For starters, you might have reached what some gym-rats call a plateau, where you work out frantically without seeming to build any muscle. You might find that you’re not giving your body an opportunity to recover between workouts.

Try lifting slightly lighter weights for a while, even if it elicits ribbing from your fellow denizens of the weights room. You might find your body reacts by producing some muscle. That’ll shut them up.

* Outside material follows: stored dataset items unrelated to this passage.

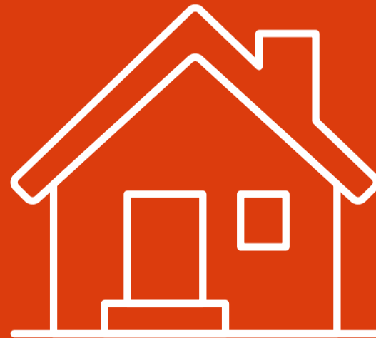
እንተ ተጸሊኡካ/ሐሚምካ ካብ ገዛኻ አይትውጻኝ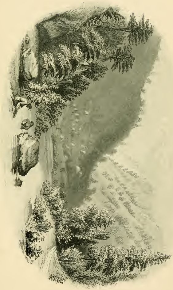
TOWER FALL MICHIGAN RIVER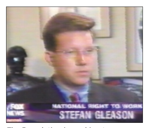
The Foundation is working to expose the shady self-dealing by the union bosses that run ULLICO.

In November 2000, ULLICO's board authorized a stock repurchase at the inflated price of $146 a share through an arrangement which permitted directors to sell back their entire personal holdings. The scheme did not permit larger stockholders, like union pension holders, to sell back more than a small portion of their ULLICO stock. By allowing themselves to liquidate their entire personal holdings at an inflated price, ULLICO's board of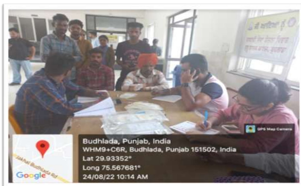
Figure 26: Blood Donation Registration Desk.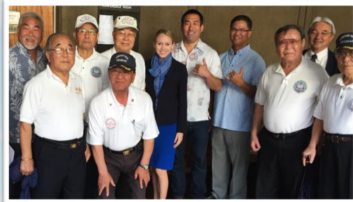
Had a wonderful conversation with Korean War Veterans at a Veterans and Military Affairs Committee hearing.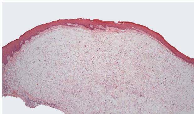
Figure 2. Photomicrograph showing oral epithelium and a well-demarcated but not encapsulated area of myxoid tissue (Hematoxylin and eosin—25×).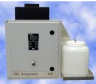
Model 610 Water Quality Analyzer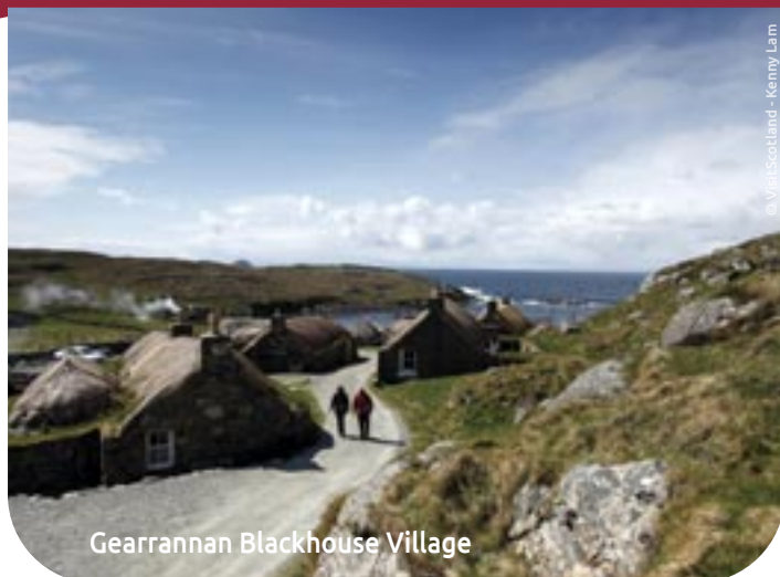
Gearrannan Blackhouse Village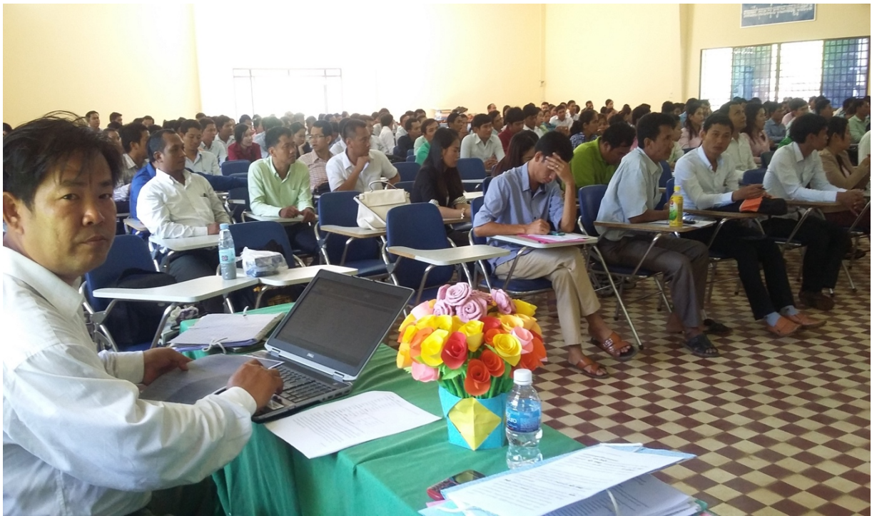
Workshop on Revising and Harmonizing PREST and INSET USS Teacher Training Syllabi in Kampong Cham Province: 29 March-02 April 2018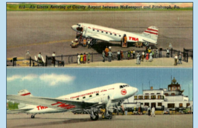
This postcard, circa 1940, shows TWA airships at the gate of the Allegheny County Airport. On its last voyage, TWA Flight 3 taxied into position here; 18 hours later it crashed in Nevada killing Carole Lombard and all other passengers on board.

In 1960 there were 117,345 takeoffs and landings, that number reached a peak of 226,324 in 1970 and in 1990 the number was 201,244. In the latest statistics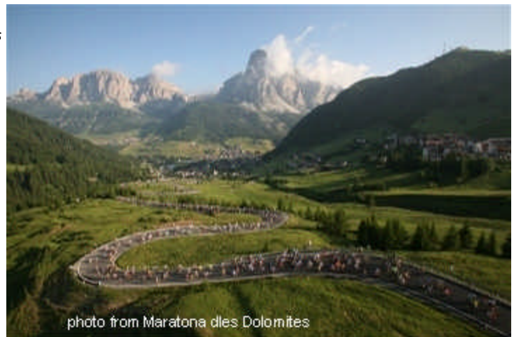
photo from Maratona dies Dolomites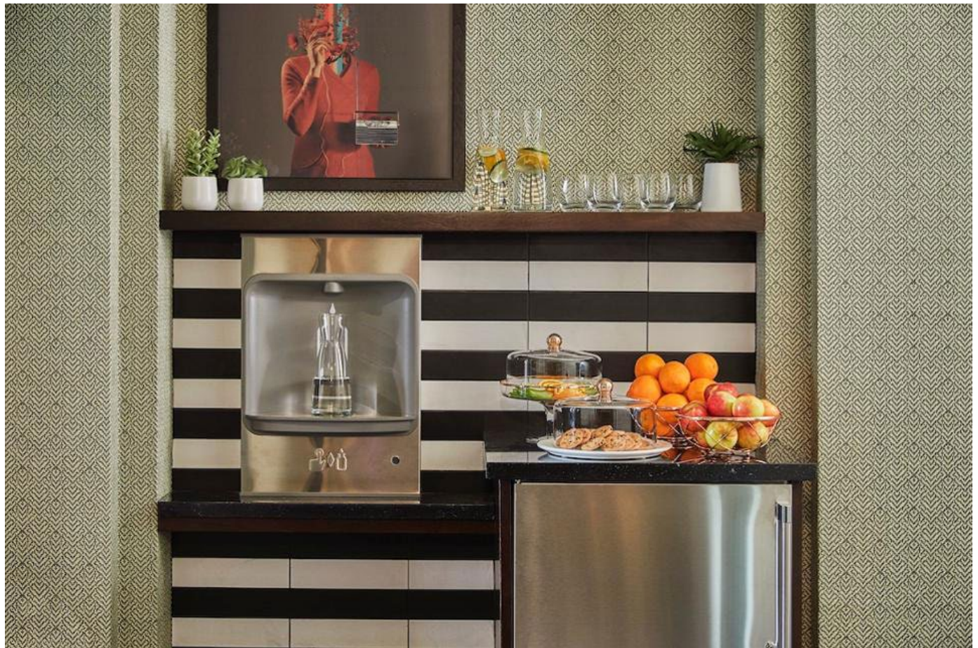
A complimentary water station on every floor keeps you hydrated and prevents you from getting hangry.

Hotel Emblem is located just a few blocks from Union Square, and you can set out on the road less traveled thanks to half a dozen unique self-guided city tours created by the hotel's Underground Concierge. Or you can walk to City Lights , the legendary indie bookstore, and stock up on books to read while you indulge in the award-winning pizza at Tony's Pizza Napoletana down the street.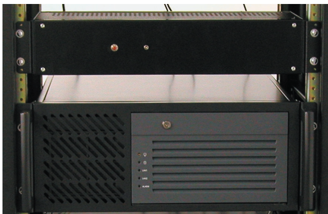
POES Station and Tracking Controller

The POES Box is a rackmount computer system (shown below, bottom unit) with an integrated digital Receiver Card. This box interfaces with a tracking controller (shown below, top unit) that controls the azimuth and elevation of a tracking dish (shown upper right corner of this page).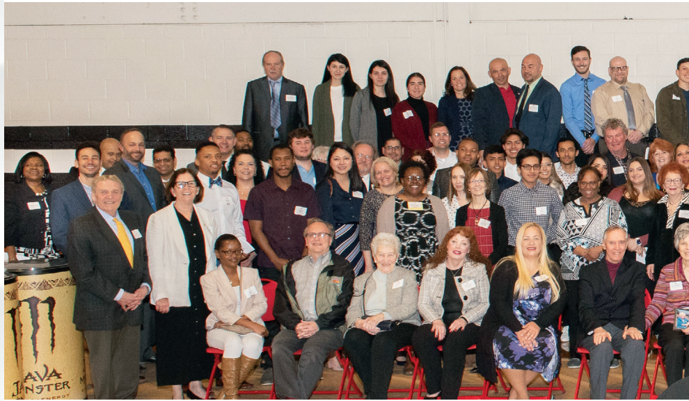
In April over 225 donors and students came together for the Foundation's annual Scholarship Reception. This year the Foundation implemented a new format that allowed our donors and their scholarship students to spend more time getting to know each other.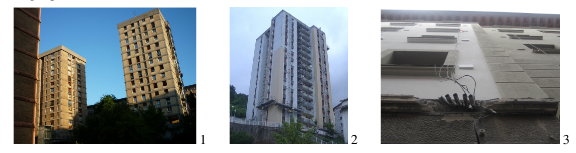
Figure 1: typical apartment building erected during the 1.960 decade. Figure 2: renewal and external insulation of a facade using a crane. Figure 3: final result of a ``external thermal insulation composite systems'' with embedded installations.

There are several universal problems in the European apartments built during the postwar era. First, it's quite common that the insulation of the facades is insufficient. This makes the energy consumption bigger than in the cases of properly insulated facades. Many of those buildings were built with the available services, materials and installations during the postwar period. The owners have added new facilities and services in the façade. Adding services in the facade is not always a satisfactory solution. It is typical to see gas tubes, telecom wires etc on those building facades. Besides, the apartments sometimes lack sufficient space for storage and it is common to double the use of the terrace or balcony as storage space<del>.</del>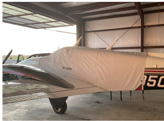
Beech Baron 58TC Extended Canopy Cover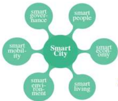
Fig 2: Smart City

A Smart City as a city which functions in a sustainable and intelligent way, by integrating all its infrastructure and services into a cohesive whole and using intelligent devices for monitoring and control, to ensure sustainability and efficiency. This interpretation makes evident, therefore, that Smart City concept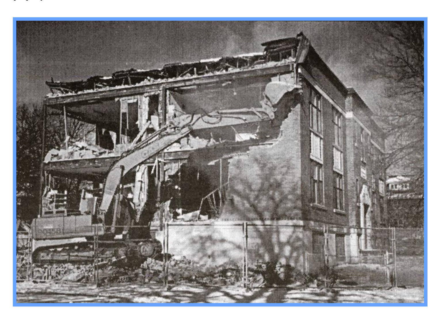
Demolition of St. Margaret Mary Catholic School in December 2004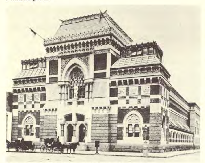
Pennsylvania Academy of the Fine Arts-1876

Preregistration for the meeting closes April 30, 1976. Members and guests are reminded that no tickets for the annual luncheon-business meeting may be purchased at the time of the meeting after Thursday noon, May 20. Hotel reservations should be made as soon as possible, but no later than May 4, 1976. IMPORTANT: See enclosed letter from the Hilton Hotel of Philadelphia.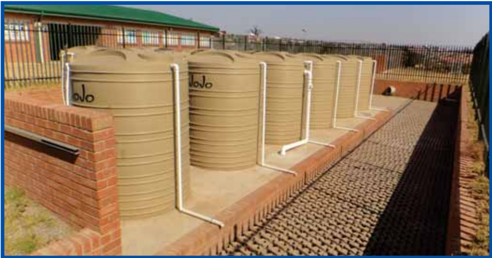
UbuGcisa buGcino kwiZikolo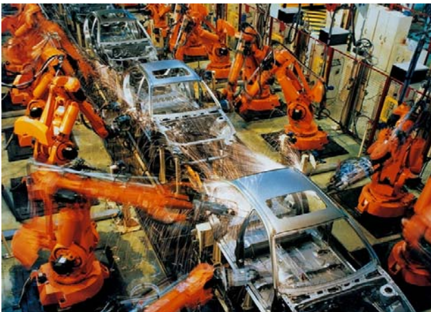
Fig. 3: Robots operated using compressed air

Without compressed air the degree of automation essential for the competitiveness of companies would not be possible.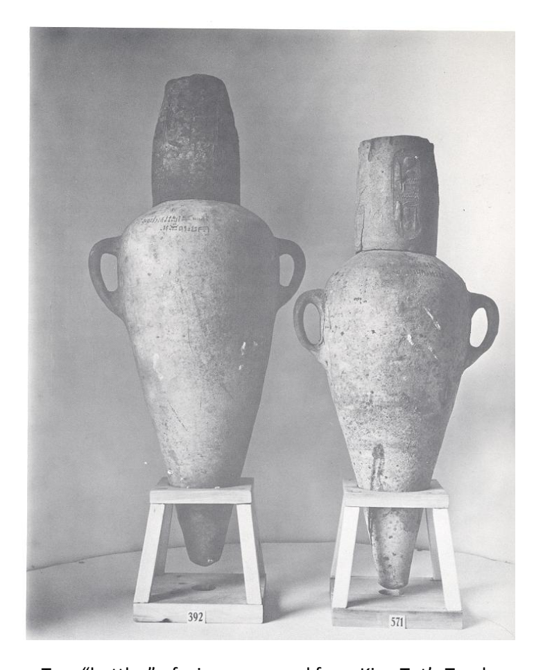
Two "bottles" of wine recovered from King Tut's Tomb

In the pages that follow, I have prepared a synopsis of this short but fascinating book.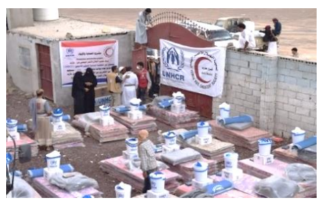
Basic household item distributions are prepared for families affected by floods in Marib governorate.

Clashes in Al Bayda governorate forced at least 600 families to flee to various districts in neighbouring Abyan in the south. Further displacements due to ongoing fighting are expected in the coming days. The UNHCR-led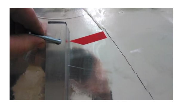
13) LOCATE HOLE IN BUMPER BAR CENTER, USE DRILL TO INSTALL SEILF DRILLING SCREW. BE SURE PLASTIC COVER IS NOT TRAPPED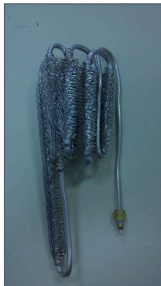
Old Design #B-775528-00

The new style fin heat exchanger replaces the spine tube heat exchanger, shown in Figure 1. The new heat exchanger coil, #20534899-SV, is also a direct replacement for any older style units. The new assembly will use the same nut and ferrule design as, #B-775528-00, that it is replacing. The flow rate and output temperature are not affected by this new design.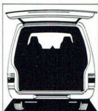
High, wide rear access with rear step, for really tall cargo.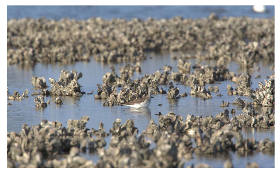
Greater yellowlegs foraging on an intertidal oyster reef in Galveston Bay.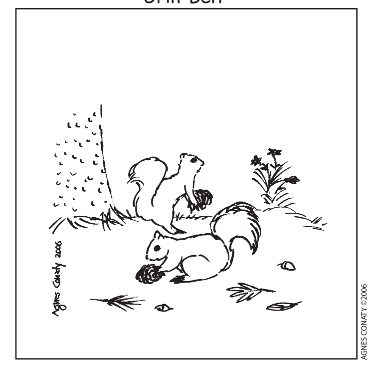
"Ummm . . . this is a good one. Should I eat it now or save it for Thanksgiving?"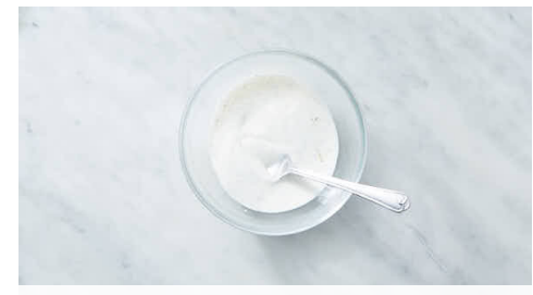
5. Make ranch

Add all but 2 lettuce leaves and toss to coat.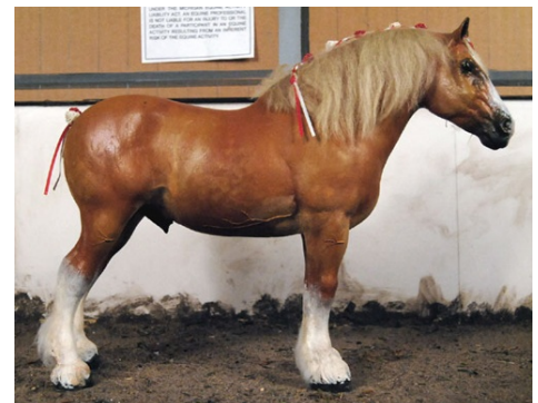
RESERVE CHAMPION DRAFT BREED: BILLFAR DU MARAIS (SSu)

American Pony (15): 1-21st Century Boy (KM), 2-Zip's Silver Lining (CM), 3-Confederate Gray (LB), 4-DQ Starsparkle (APo), 5-Paradox (SW), 6-BBG's Silver Ghost (CM), 7-DQ Butterscotch Brandy (APo), 8-Marshall Cody (LB), 9-The Paisley Palette (SR), 10-Zip's Diamond Jim (CM), HM-Empire's Fudge Sundae (CM)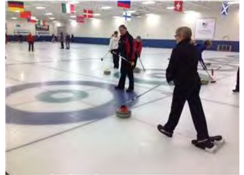
Delivering the rock.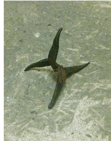
Stars such as this one were used to puncture the tires of nonunion contractor vehicles.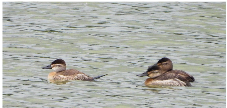
Ruddy Ducks.

tance, time, and some growling stomachs took the fight out of our plans for a second walk in the surrounding grasslands to look for uncommon sparrow migrants. Other birders’ checklists from that weekend verified it was a good decision to skip the sparrows for breakfast, which six of us enjoyed together to off a good morning.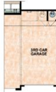
OPTIONAL 3RD CAR GARAGE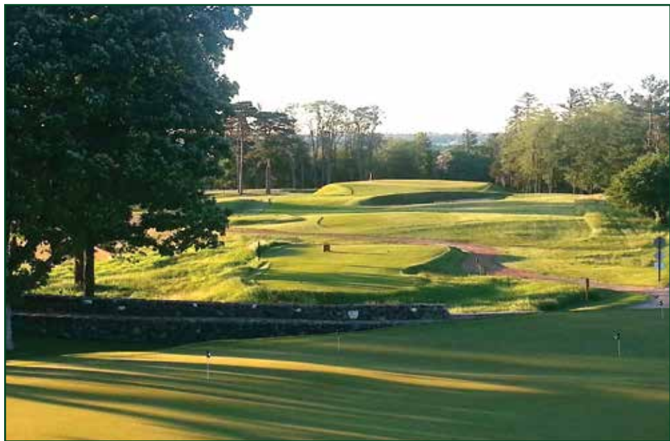
10TH HOLE at Lawsonia shows the elevated green in the distance. No breather here.

“It also has the ability make you pay severely for your mistakes,” he says. “Fairways and greens will be a secret to winning the U.S.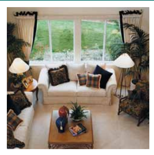
Slider Windows A great choice when space is at a premium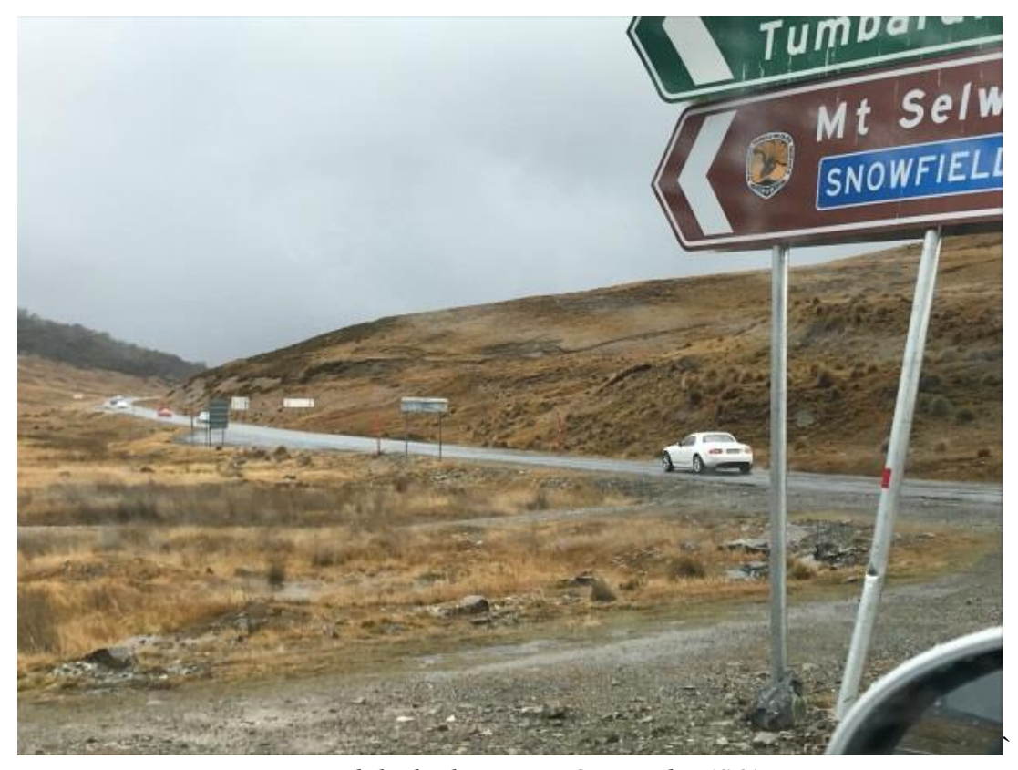
Toward the high country

A dreary, drizzly morning greeted us as we headed toward the rendezvous, which did not bode well for the run through the Snowy Mountains on the way to Bright. Fortunately, the weather gods smiled and the briefing was carried out between gentle showers we were able to depart on time. The intermittent rain became less frequent as our 12 cars in two groups ran south on the Monaro Highway, picking up two more cars before the first pause to regroup at Cooma, then heading on the Snowy Mountains Highway via Adaminaby to Kiandra.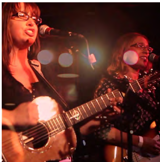
The Bootleg Honeys are a local favorite.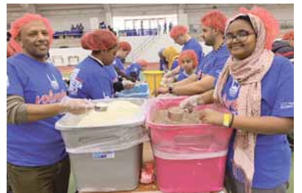
Islamic Relief USA volunteers prepare jambalaya packages during the Jan. 19 Day of Service at Episcopal High School.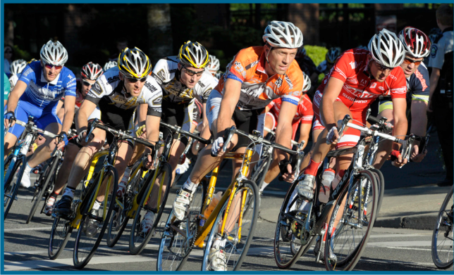
Derby Days Criterium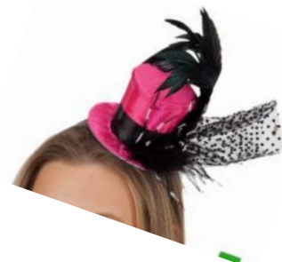
Kentucky Derby hat samples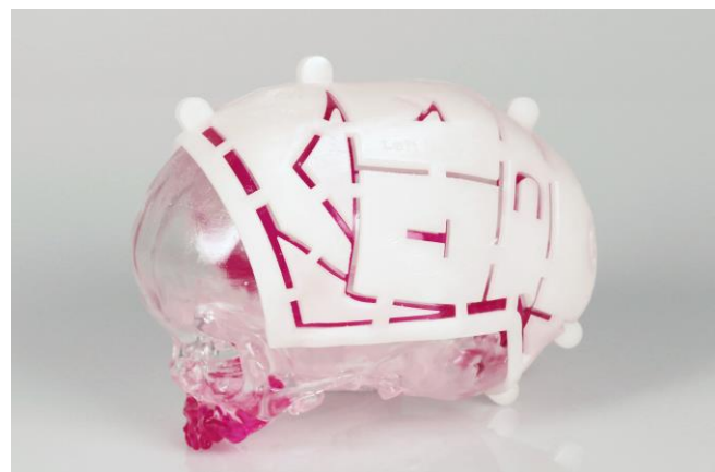
3D Systems VSP ® Cranial delivers patient-specific 3D printed marking guides to help transfer the virtual surgical plan to the operating room.

announced today the expansion of its groundbreaking Virtual Surgical Planning (VSP ® ) service to include VSP Cranial for cranial and craniofacial procedures. VSP Cranial is 510(k) cleared for use in the operating room and enables surgeons to create a virtual pre-surgical plan that can be instrumented with sterilizable, patient-specific 3D printed anatomical models, guides and templates. The use of VSP Cranial on these complex and sensitive procedures enables doctors to plan around and become familiar with a patient's specific anatomy, and is intended to facilitate the pre-surgical planning process as well as the transfer of that plan to the operating room. By supplying surgeons with informative digital tools and accurate 3D printed surgical guides, VSP Cranial is designed to help doctors deliver improved surgical outcomes.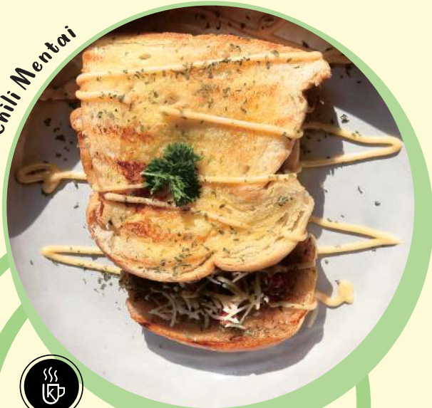
Ropan Chili Mentai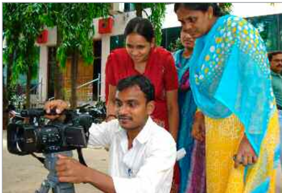
Participants at the Training of Trainers Programme try out their hand at fixing the camera on a tripod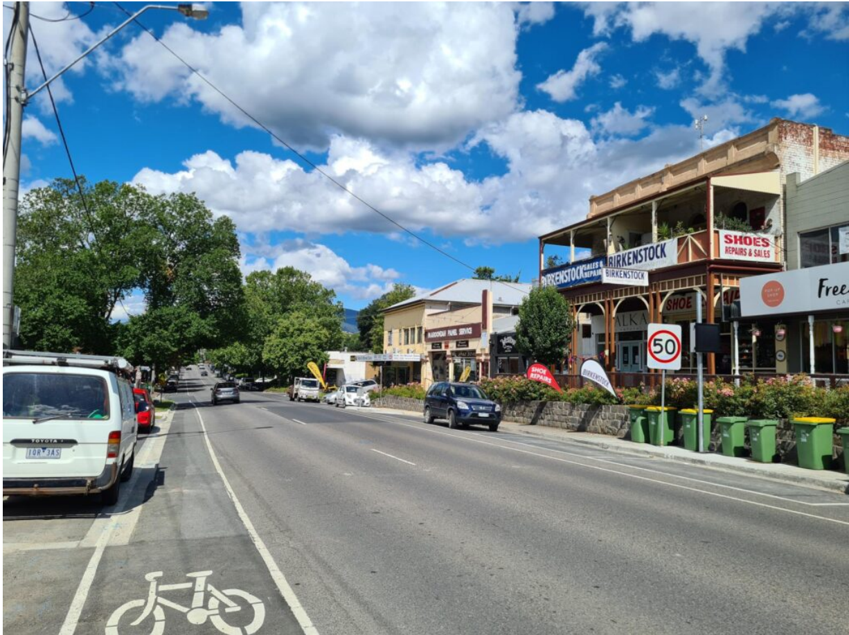
The main street of Healesville.

Healesville has other things to see besides the cafes and restaurants. It has the famous Healesville Sanctuary, which is a zoo of native Australian animals. That's where I saw my first (and only) platypus. We took our children there a few times when they were young, as the zoo is excellent for learning about, and seeing, native Australian animals in their natural environment. There you will see kangaroos, koalas, birds, platypuses, snakes and all sorts of native Australian animals. The staff are very knowledgeable and you can learn so much. If ever you visit Melbourne, a trip to the Healesville Sanctuary is well worth it. By car it is just about 1 hour and 15 minutes away from the city.

Some other points to remember:

  • Even if your workout will be rushed, make time to warm up. Do some stretches, but instead of rushing it, ease into the stretch hold it for about 20 seconds. Then run on the treadmill or spend about 10 minutes cycling.
  • It’s also worth reminding yourself about how to breathe when lifting the weights. You always exhale when lifting the weight and inhale when lowering it.
  • Think through it: this may sound trite, but it works. Visualise yourself completing every move perfectly: “Lift smoothly, don’t rush it, don’t arch your back” and so on. It’ll take a while to get right, but once you get it right you’ll have developed a good habit you can stick with for years to come.
  • Ambush your body: try start off your workout on an exercise bike, with the “interval” routine. You cycle sedately for several minutes, then have a short burst of spectacular speed, then slow down again and repeat the whole thing. This is not for the blokes who like to read books on quantum physics while cycling. The sweat will only make the pages soggy.
  • Watch those hands: try shifting your grip to work the most muscles. A set of biceps curls can start with an overhand grip, which will concentrate on the oft-neglected brachialis muscle. Next, use an underhand grip, which everyone uses to build the biceps, the really big, round one on the front of your upper arm. Combining these two moves ought to give your arm bulk as well as definition.
  • Narrow it down: Your back muscles are strong. To develop properly they need a proper workout, so don’t be afraid to use heavy weights, as long as it’s the muscle that taking the strain and not the spine.
  • One of the better exercises available is the pull-down machine. If you choose a narrow grip with your palms facing toward you, your arms and shoulders will get more of a workout than your back. Keep your arms wide apart and your palms facing forwards, which will help build the latissimus dorsi muscles on the back.
  • Take it slow: We’ve all seen the show-offs who use their body weight to fling heavy sets of weights upwards and let them crash down again with a bang that measures on the Richter Scale and stuns small animals at 20 metres.
  • They might feel good about their workout, but they’re wasting their time. Instead, use a slightly lighter weight and lift and lower it slowly. Count like this: lift to the count of five, lower to the count of five, pausing for a moment and doing five repetitions like that. If you’re doing it correctly, your muscles will be screaming their protest by the second set. What’s more, you’ll pile on the muscle.
  • Finish up with some exhaustion: There’s a wonderfully wobbly feeling you get when you’ve had a good workout and all your muscles are lodging formal protests with the United Nations. There’s a sure way to achieve it, too. Finish your session on say, the bench press, although the pulldown machine will work just as well. Put more or less the heaviest set of weights you’d push and do two sets of ten. Remove say, ten kgs and do another set, then immediately continue to the point of exhaustion. You’ll feel like you’ve been hit by a train, but it’s at that point that you’ll be building endurance and strength.

Finally, remember that your body needs to rest and respect. You’re crazy to work out when you have flu’. Get enough sleep and enough electrolytes. Try soaking in a warm bath with some arnica in it. After a good workout your muscles need 48 hours to recover and build. Gentle swimming will help ease the knots without risking injury. So take it slowly. Just keep going.